I’ll just leave this here.
http://www.gregegan.net/DISTRESS/Excerpt/DistressExcerpt.html
Damn, I just love real science speak. I am pretty good at clinical stuff, but when it comes to basic science, I mostly just a fan boi. Thank you.
Just because you have your jargon soup and I have mine doesn’t mean we can’t appreciate that they’re both damn good soups! This is irrelevant to the discussion at hand, but I am so fucking pumped for where medicine is headed! Not this pig brain revival (new band name) stuff, but cheap biologics, cell therapies, and way way way better patient stratification.
Since we appear to have a medical scientist in our midst, I’m taking the opportunity to ask some questions: As sensational as the headline is, does the paper reveal any purpose behind this work? As in, what are they hoping to prove or do with this research?
I prefer Larks Tongues in Aspic.
I am not the said medical scientist; but aside from basic research interest this avenue of work seems like it would be of great interest for the cases where the patient is overall in pretty good shape; but we cannot presently reverse the effects of some cell death in the brain.
That’s fairly common(strokes, drowning/asphyxiation when recovered quickly but not quickly enough, some sorts of mechanical trauma, blood loss sufficient to deprive the brain of oxygen but repairable once you reach the trauma surgeon); and leads to a lot of tragically debilitating outcomes, from nontrivial mental impairments to “we could keep the body alive for years; but that patient is basically dead.” cases.
Something that allows you to reactivate neural tissue that hasn’t been inactive for too long lengthens the window to discover and correct the underlying problem and getting the patient back without dire loss of mental function.
I’ll do some interpretive dancing with excerpts. From the paper:
Many mammalian species have large, energy-demanding brains that are highly susceptible to anoxia and cessation of blood flow. Studies in both humans and experimental animals have shown that oxygen stores, global electrical activity, and consciousness are lost within seconds of interrupted blood flow, while glucose and ATP stores are depleted within minutes. Unless perfusion is quickly restored, multiple deleterious mechanisms lead to widespread membrane depolarization, loss of ionic homeostasis, mitochondrial dysfunction, and excitotoxic accumulation of glutamate. The convergence of these factors has been widely proposed to initiate a progressive, and largely irreversible, cascade of apoptosis, necrosis, and axonal damage.

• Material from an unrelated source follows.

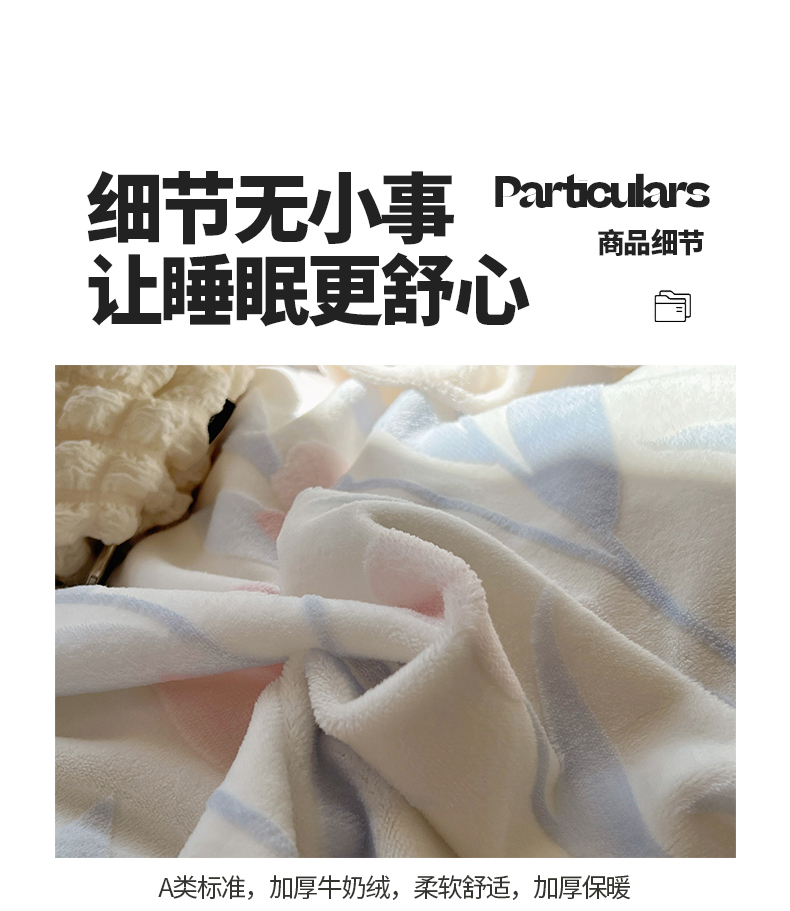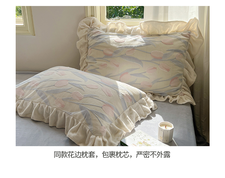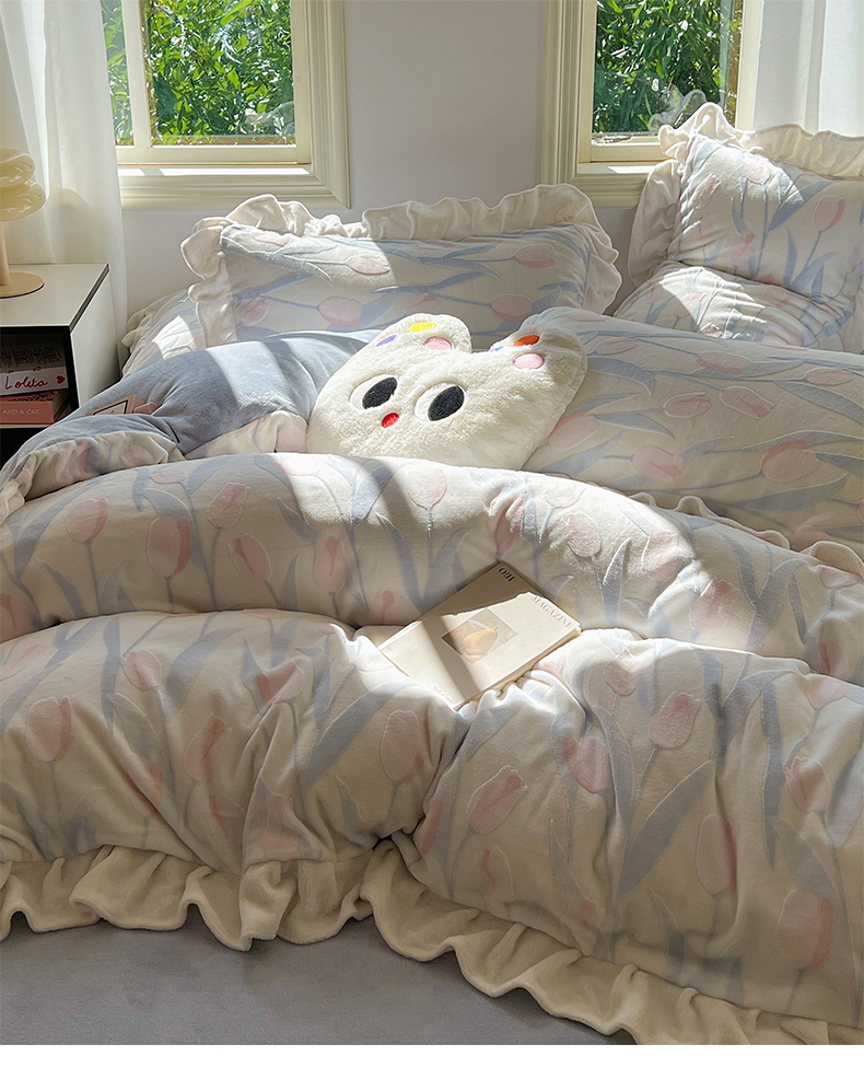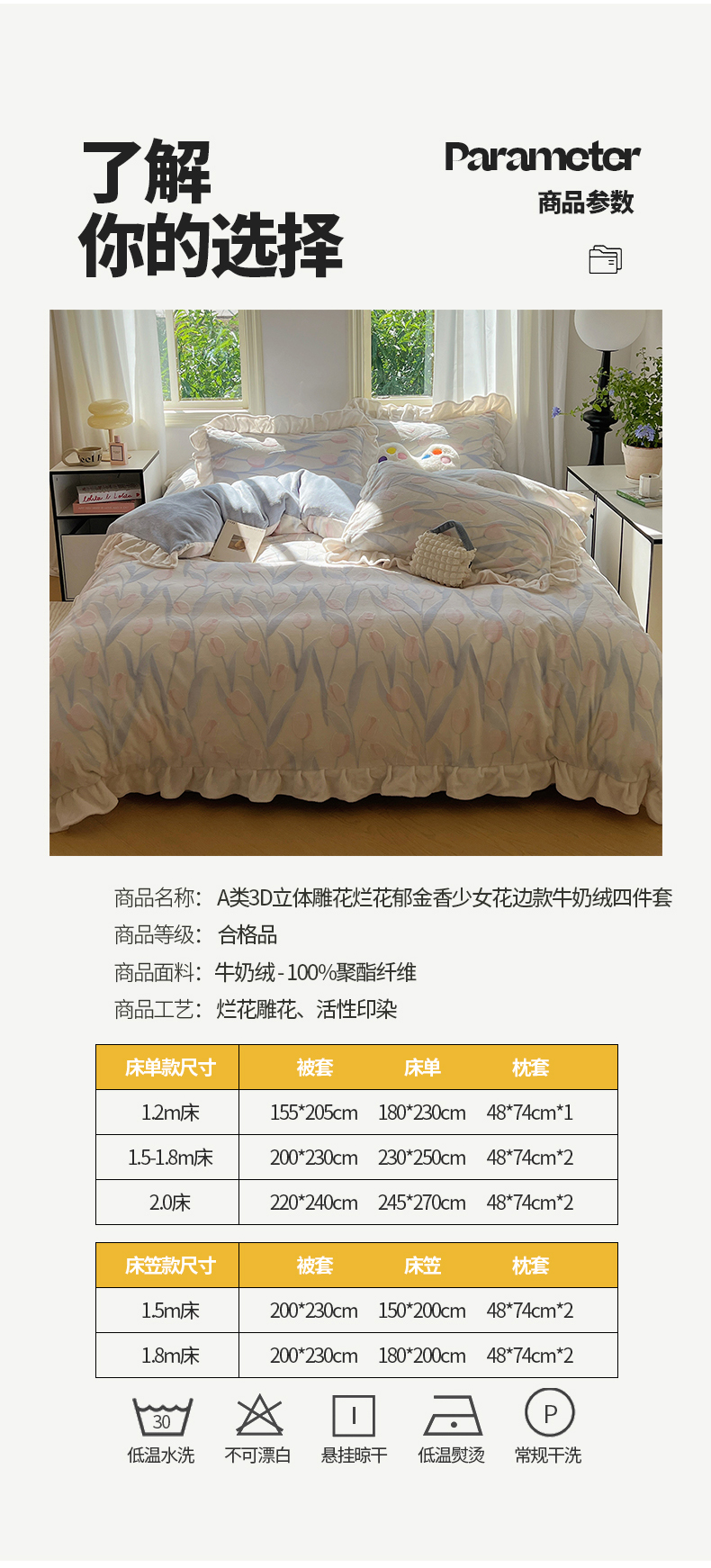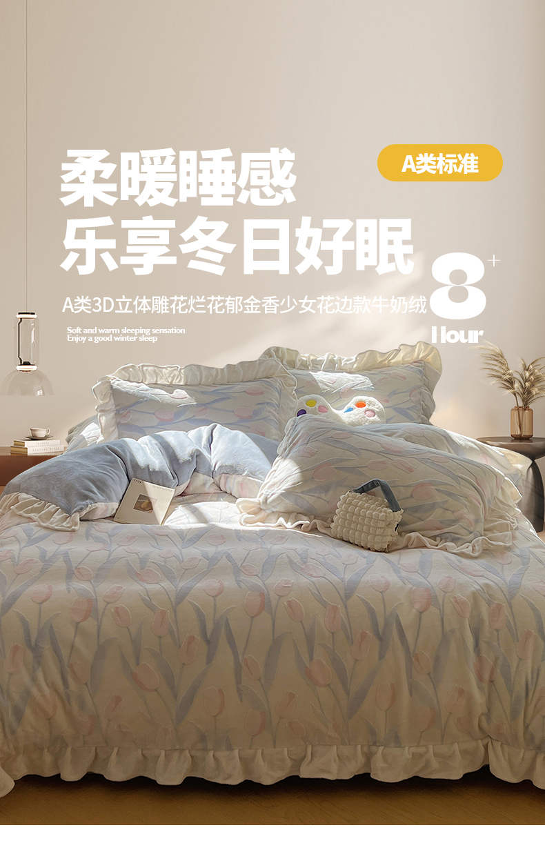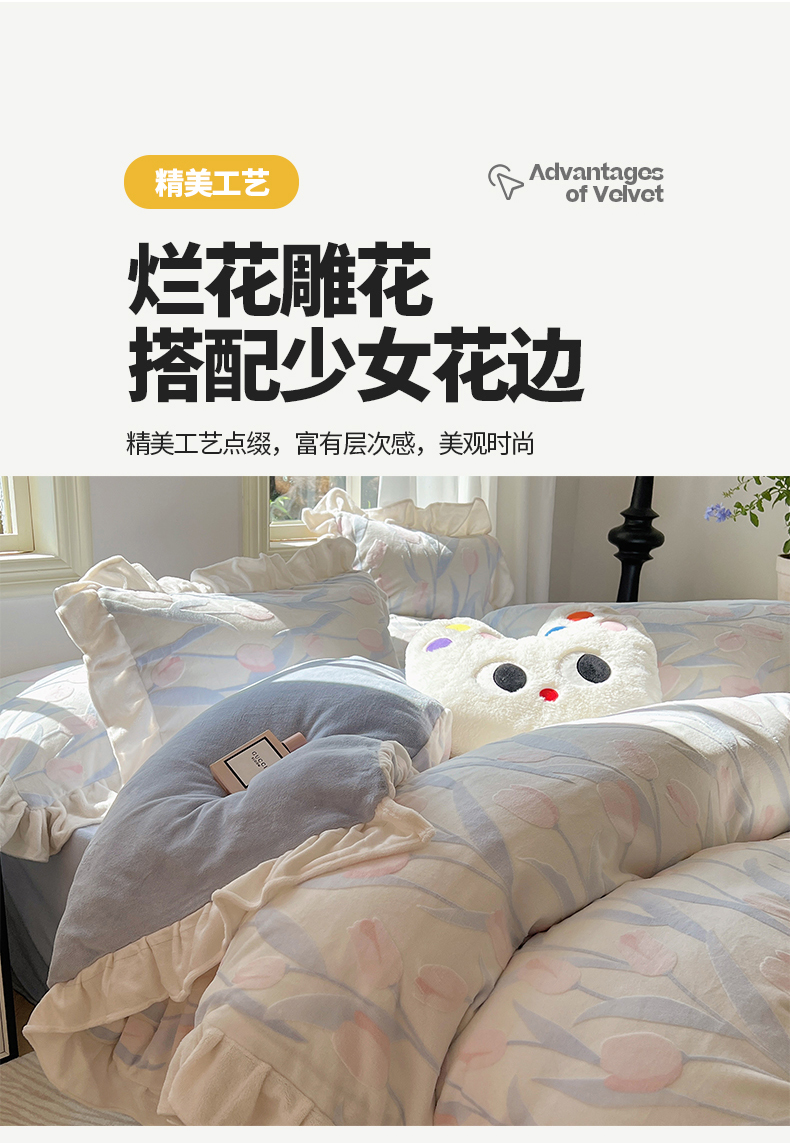 当前位置: 91家纺网 > 商品网购 > 床品套件 > 四件套 > 牛奶绒四件套 > 桃子家居 2023新款A类高克重230克3D立体雕花烂花提花着色郁金香少女花边款简单款牛奶绒四件套 绒花边烂花-郁金香清新蓝

Translation: brain death is bad for you.
However, several observations have questioned the inevitability
of neural cell death minutes, or even hours, after cessation of brain
perfusion
Translation: what if we could make brain death less bad for you?
These data suggest that the initiation and duration of cell death after anoxia or ischaemia may span a longer temporal interval than is currently appreciated, allowing for a multifaceted intervention that could halt the progression of damaging cellular programs initiated by the global insult. Therefore, we postulate that, under appropriate conditions, certain molecular and cellular functions in the large mammalian brain may retain at least partial capacity for restoration after a prolonged post-mortem interval (PMI).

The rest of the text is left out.